* **Task directions**: Without the pictures, write out all the lines below exactly as they appear.

* **Dataset extract**:
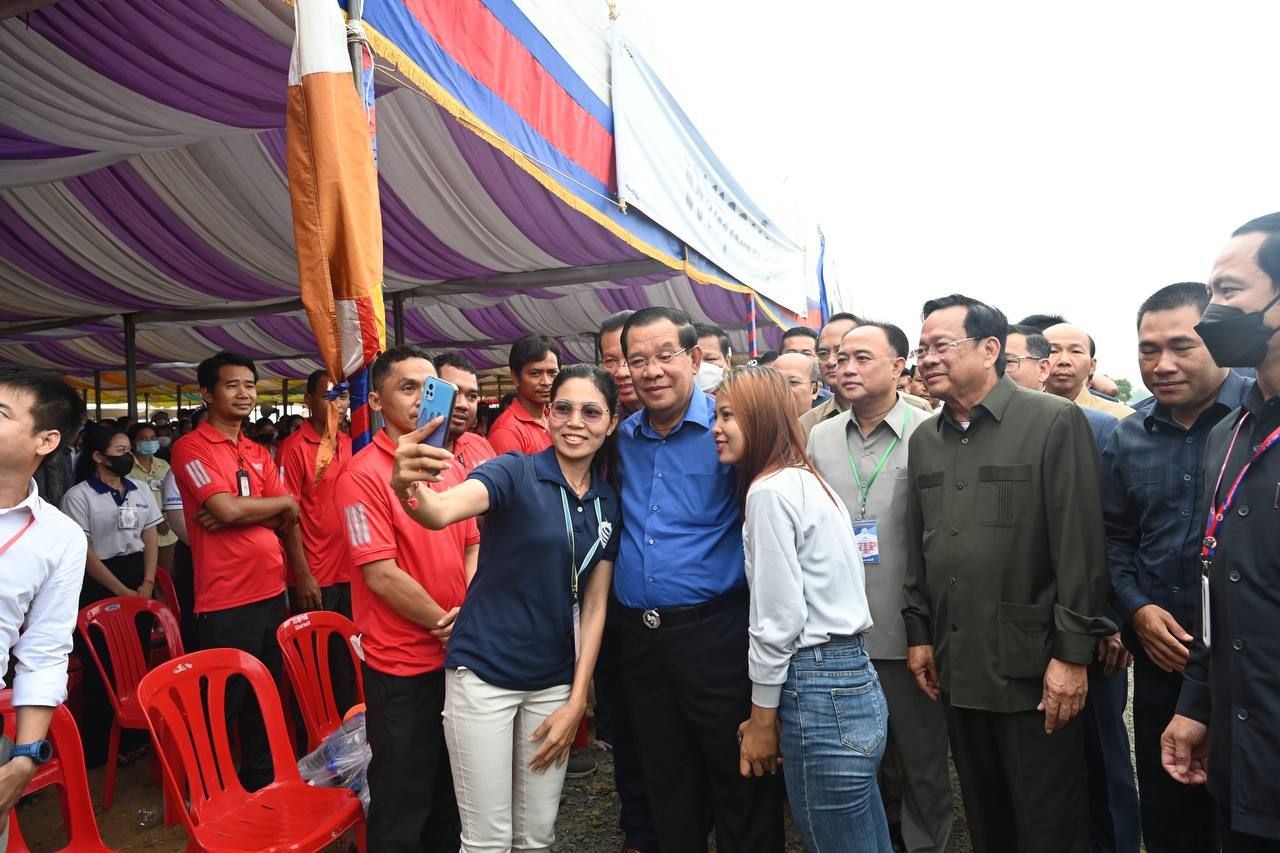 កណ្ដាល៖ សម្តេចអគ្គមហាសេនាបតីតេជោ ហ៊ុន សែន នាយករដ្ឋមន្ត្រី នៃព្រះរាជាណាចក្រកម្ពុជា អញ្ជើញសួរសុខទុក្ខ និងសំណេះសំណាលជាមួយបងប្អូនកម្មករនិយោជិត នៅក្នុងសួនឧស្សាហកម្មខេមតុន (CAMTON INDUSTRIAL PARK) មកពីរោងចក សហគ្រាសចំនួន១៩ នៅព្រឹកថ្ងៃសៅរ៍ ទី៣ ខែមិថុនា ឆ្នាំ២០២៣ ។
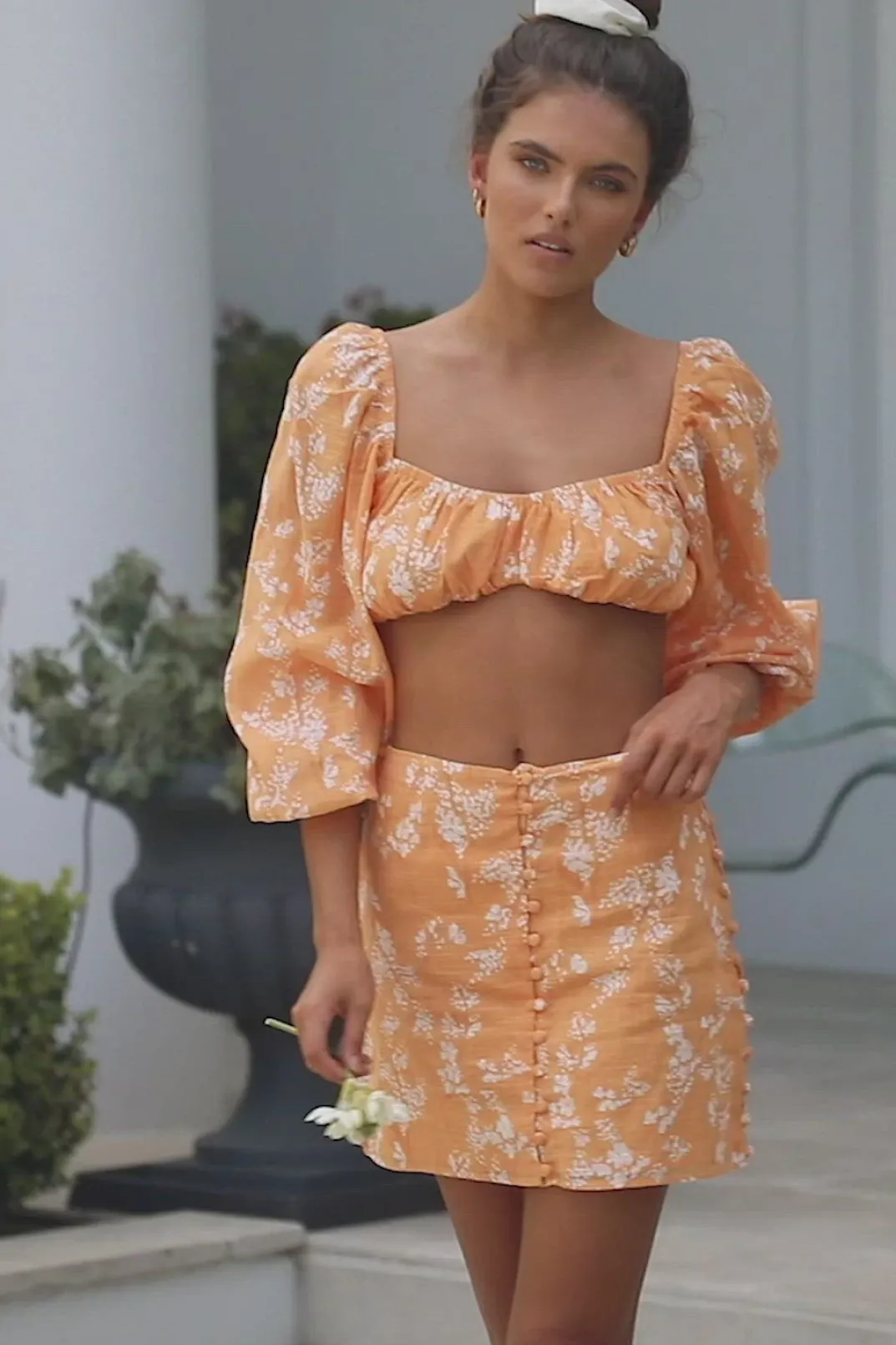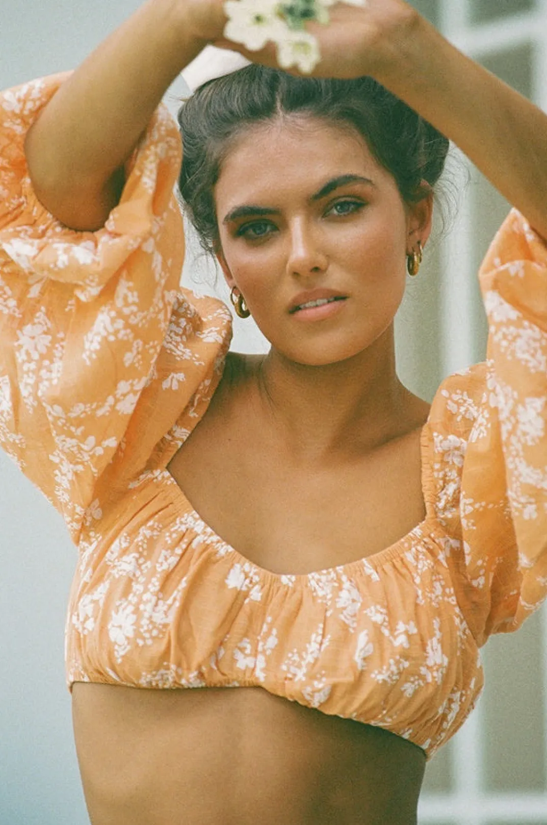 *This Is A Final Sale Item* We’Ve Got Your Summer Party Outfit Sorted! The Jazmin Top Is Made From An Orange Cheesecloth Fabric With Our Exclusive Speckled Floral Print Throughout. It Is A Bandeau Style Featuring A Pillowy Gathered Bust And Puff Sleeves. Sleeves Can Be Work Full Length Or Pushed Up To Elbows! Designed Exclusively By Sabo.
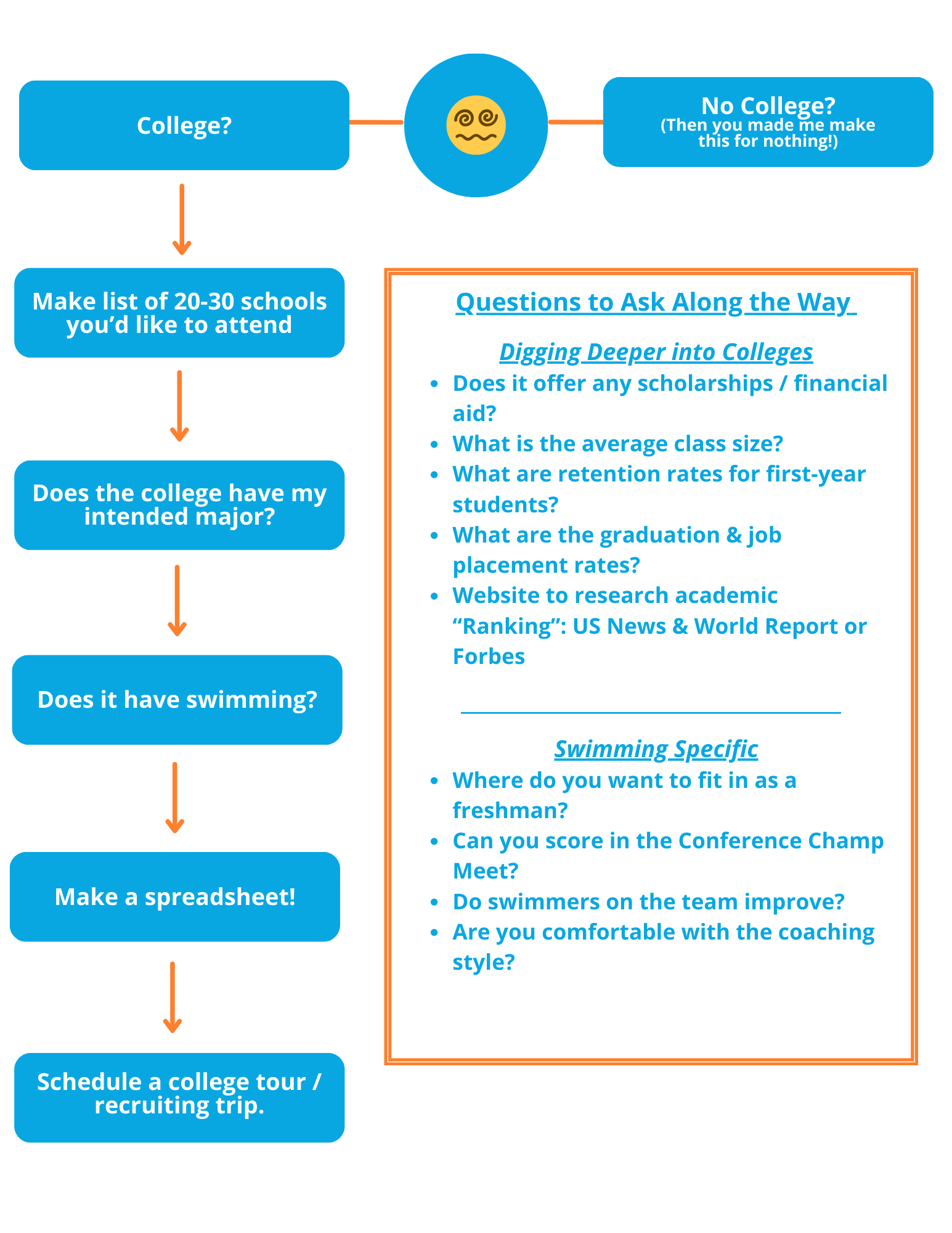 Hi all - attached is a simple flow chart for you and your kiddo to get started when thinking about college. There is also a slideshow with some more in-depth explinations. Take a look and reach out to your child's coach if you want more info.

* **Solution for this exercise**:
 កណ្ដាល៖ សម្តេចអគ្គមហាសេនាបតីតេជោ ហ៊ុន សែន នាយករដ្ឋមន្ត្រី នៃព្រះរាជាណាចក្រកម្ពុជា អញ្ជើញសួរសុខទុក្ខ និងសំណេះសំណាលជាមួយបងប្អូនកម្មករនិយោជិត នៅក្នុងសួនឧស្សាហកម្មខេមតុន (CAMTON INDUSTRIAL PARK) មកពីរោងចក សហគ្រាសចំនួន១៩ នៅព្រឹកថ្ងៃសៅរ៍ ទី៣ ខែមិថុនា ឆ្នាំ២០២៣ ។
 *This Is A Final Sale Item* We’Ve Got Your Summer Party Outfit Sorted! The Jazmin Top Is Made From An Orange Cheesecloth Fabric With Our Exclusive Speckled Floral Print Throughout. It Is A Bandeau Style Featuring A Pillowy Gathered Bust And Puff Sleeves. Sleeves Can Be Work Full Length Or Pushed Up To Elbows! Designed Exclusively By Sabo.
 Hi all - attached is a simple flow chart for you and your kiddo to get started when thinking about college. There is also a slideshow with some more in-depth explinations. Take a look and reach out to your child's coach if you want more info.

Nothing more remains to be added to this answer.